--- Information ---

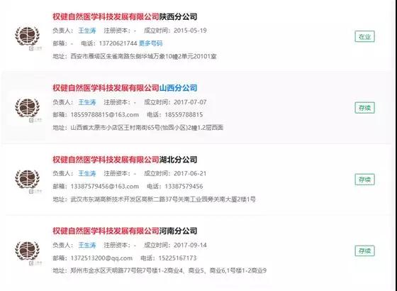 权健公司于2013年才获得商务部颁发的直销牌照,被批准允许的直销地区包括有天津、四川、浙江、湖南、辽宁、山东、江苏、广东、河北、北京是个地区,在工商信息调查中发现,权健自然医学科技发展有限公司在陕西、山西、湖北、河南、安徽、黑龙江等地区都成立分公司,企业法人都是王生涛。《直销管理条例》对跨地区经营有明确规定,在非直销地区不能进行直销,若是在非直销地区开展直销活动,是属于违规经营。
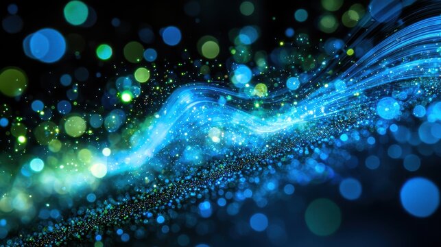 Laser speckle correlation flowing wave patterns coherent light interference brilliant blue green bokeh spots streaming particle trails abstract optical phenomena macro
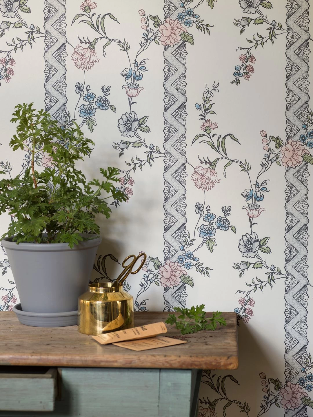Ein Hoch auf dieses klassisch angehauchte Tapetenmuster, das aus starren Regeln ausbricht. Die munteren Blumenkranken schlängeln sich ohne Rücksicht auf Symmetrie über die kunstvoll gestalteten Streifen hinweg. So, wie sich die Fantasie aus engen Grenzen befreit und den Gedanken ihren Lauf lässt.
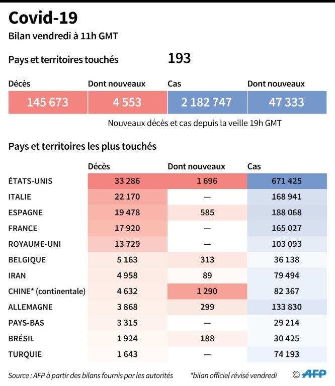 S'y ajoutent des risques sociaux redoutés par les spécialistes : accroissement des inégalités, violences domestiques, montée de l'anxiété et de la consommation d'alcool, aggravation des problèmes de santé autres que le Covid-19... Encouragés par des signes de ralentissement de l'épidémie (tassement des hospitalisations et des morts), plusieurs pays envisagent un allègement de leurs mesures de confinement, en rouvrant progressivement les écoles et en renvoyant les confinés au travail.
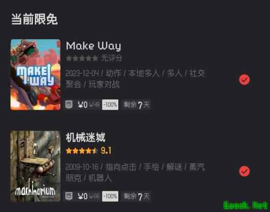 Epic本周限免游戏现已公布!本周送出冒险解谜游戏《机械迷城 (Machinarium)》以及多人竞速游戏《Make Way》,下周将送出冒险解谜游戏《纪念碑谷》和回合制策略游戏《The Battle of Polytopia》! 点击这里一键领取>>> 更多免费、折扣游戏推荐,来APP【找游戏】专区就够了! 《机械迷城》 《机械迷城(Machinarium)》中每个角色都是机器人,包括我们的小英雄,他将为了对付坏人并解救自己的女朋友展开了一系列的解谜,没有多余的对白,游戏情节和线索皆靠细腻的动画来表现。细腻的手绘水墨风格打造后现代机械场景画面,让玩家置身在这部充满后现代机械情调的游戏中时,俨然彷佛随着主人公一同冒险,一同前进,一同困惑于种种谜题,一同领略大机器时代的绮丽风光。 《Make Way》 在这款经典自上而下多人竞速游戏的现代版之中,绕圆圈加速,飞速通过铁路交汇道,溜过旋转滑梯,并释放古怪的武器。最大的亮点是什么?那就是赛道完全由你搭建哦。 本文由制作发布,未经允许禁止转载。 |
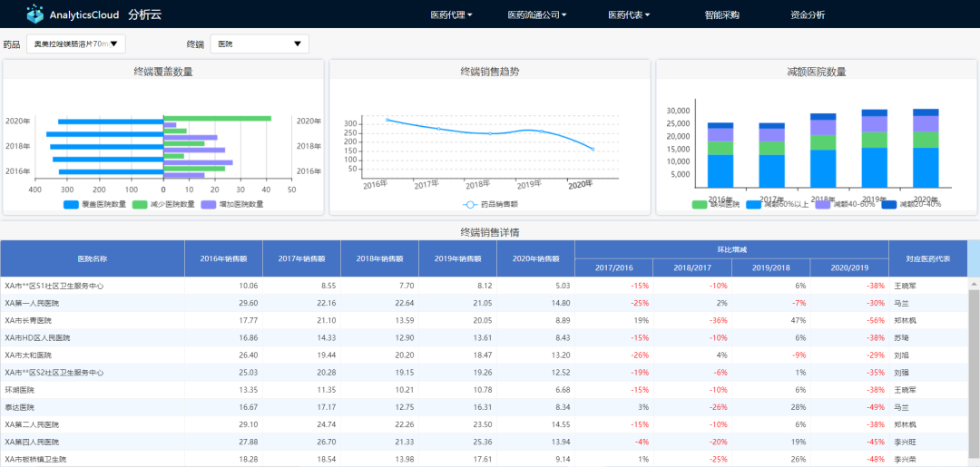行业里如何把合同额做到更大?医药代理公司应该提醒医药代表(销售员)去哪些医院推销自己经销的药品?分析云通过对本品终端覆盖、本竞品终端覆盖对比和科室终端覆盖分析,从策略上实现固守存量市场、挖掘终端客户的潜在价值和侵夺竞品市场份额。
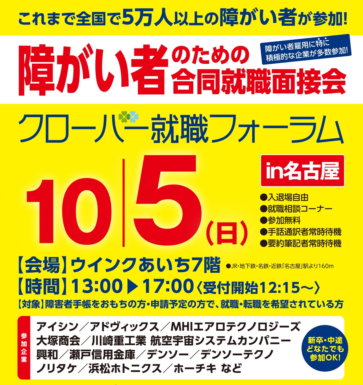 10/5(日)に障がい者のための合同就職面接会クローバー就職フォーラムを名古屋で開催いたします。
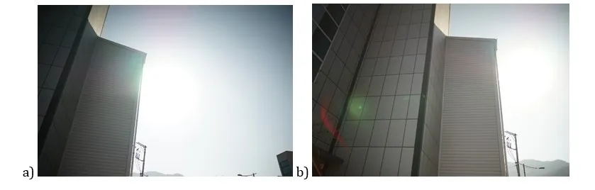 Fig.9. Outdoor tests of the glare resistance a) at the center and b) at the edges of the frame.
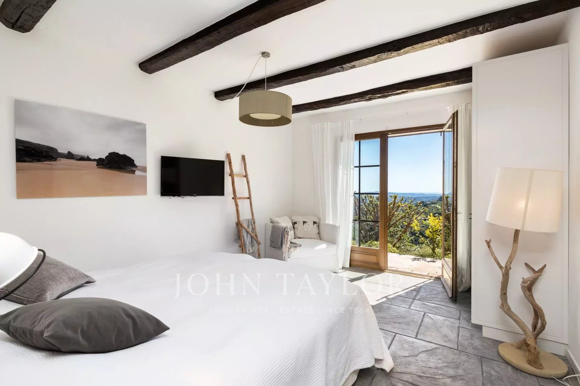 A l'extérieur, le pool house tout en pierre avec son four à pizza, sa cheminée et sa grande table en bois massif ouvre sur la piscine à débordement et sa vue mer féerique que l'on peut admirer tout en se baignant. Non loin de là,se trouvent un splendide salon marocain pour se détendre et une salle de gym.
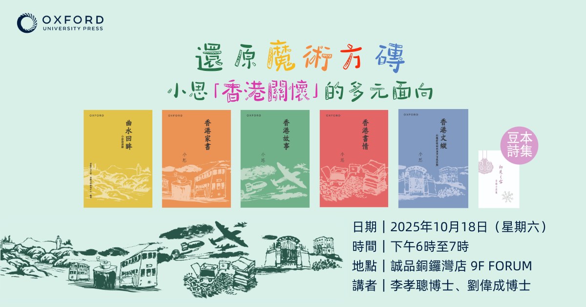 小思集教育家、作家、學者於一身,多年來孜孜筆耕,作品無數,包括散文、口述歷史、論文研究,乃至秘藏逾半世紀至新近出版的「小詩」,無不展現對香港的種種關懷。講座將從小思的作品「還原」她的多元面向。
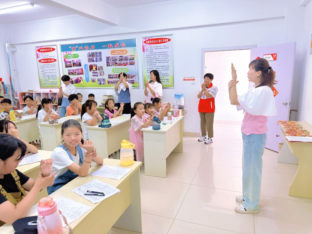 社工与孩子们介绍端午节的由来,分享屈原的故事以及端午节的习俗。志愿者们和孩子们共同学习有关端午的诗词,如苏轼的《南歌子.游赏》、文秀的《端午》等等,通过一句句诗词传递自己对民族英雄的怀念和对其“家国情怀”的敬仰。孩子们在诵读经典中亲近传统文化,感受中国传统节日的文化魅力,有助于激发孩子们的爱国主义情怀,进一步传承与弘扬中华民族精神。

--- About this task ---
With the pictures omitted, copy the entries above exactly from the line containing "Ein Hoch auf" through the line containing "行业里如何把合同额做到更大?", both lines included.

--- Written response ---
Ein Hoch auf dieses klassisch angehauchte Tapetenmuster, das aus starren Regeln ausbricht. Die munteren Blumenkranken schlängeln sich ohne Rücksicht auf Symmetrie über die kunstvoll gestalteten Streifen hinweg. So, wie sich die Fantasie aus engen Grenzen befreit und den Gedanken ihren Lauf lässt.
 S'y ajoutent des risques sociaux redoutés par les spécialistes : accroissement des inégalités, violences domestiques, montée de l'anxiété et de la consommation d'alcool, aggravation des problèmes de santé autres que le Covid-19... Encouragés par des signes de ralentissement de l'épidémie (tassement des hospitalisations et des morts), plusieurs pays envisagent un allègement de leurs mesures de confinement, en rouvrant progressivement les écoles et en renvoyant les confinés au travail.
 Epic本周限免游戏现已公布!本周送出冒险解谜游戏《机械迷城 (Machinarium)》以及多人竞速游戏《Make Way》,下周将送出冒险解谜游戏《纪念碑谷》和回合制策略游戏《The Battle of Polytopia》! 点击这里一键领取>>> 更多免费、折扣游戏推荐,来APP【找游戏】专区就够了! 《机械迷城》 《机械迷城(Machinarium)》中每个角色都是机器人,包括我们的小英雄,他将为了对付坏人并解救自己的女朋友展开了一系列的解谜,没有多余的对白,游戏情节和线索皆靠细腻的动画来表现。细腻的手绘水墨风格打造后现代机械场景画面,让玩家置身在这部充满后现代机械情调的游戏中时,俨然彷佛随着主人公一同冒险,一同前进,一同困惑于种种谜题,一同领略大机器时代的绮丽风光。 《Make Way》 在这款经典自上而下多人竞速游戏的现代版之中,绕圆圈加速,飞速通过铁路交汇道,溜过旋转滑梯,并释放古怪的武器。最大的亮点是什么?那就是赛道完全由你搭建哦。 本文由制作发布,未经允许禁止转载。 |
行业里如何把合同额做到更大?医药代理公司应该提醒医药代表(销售员)去哪些医院推销自己经销的药品?分析云通过对本品终端覆盖、本竞品终端覆盖对比和科室终端覆盖分析,从策略上实现固守存量市场、挖掘终端客户的潜在价值和侵夺竞品市场份额。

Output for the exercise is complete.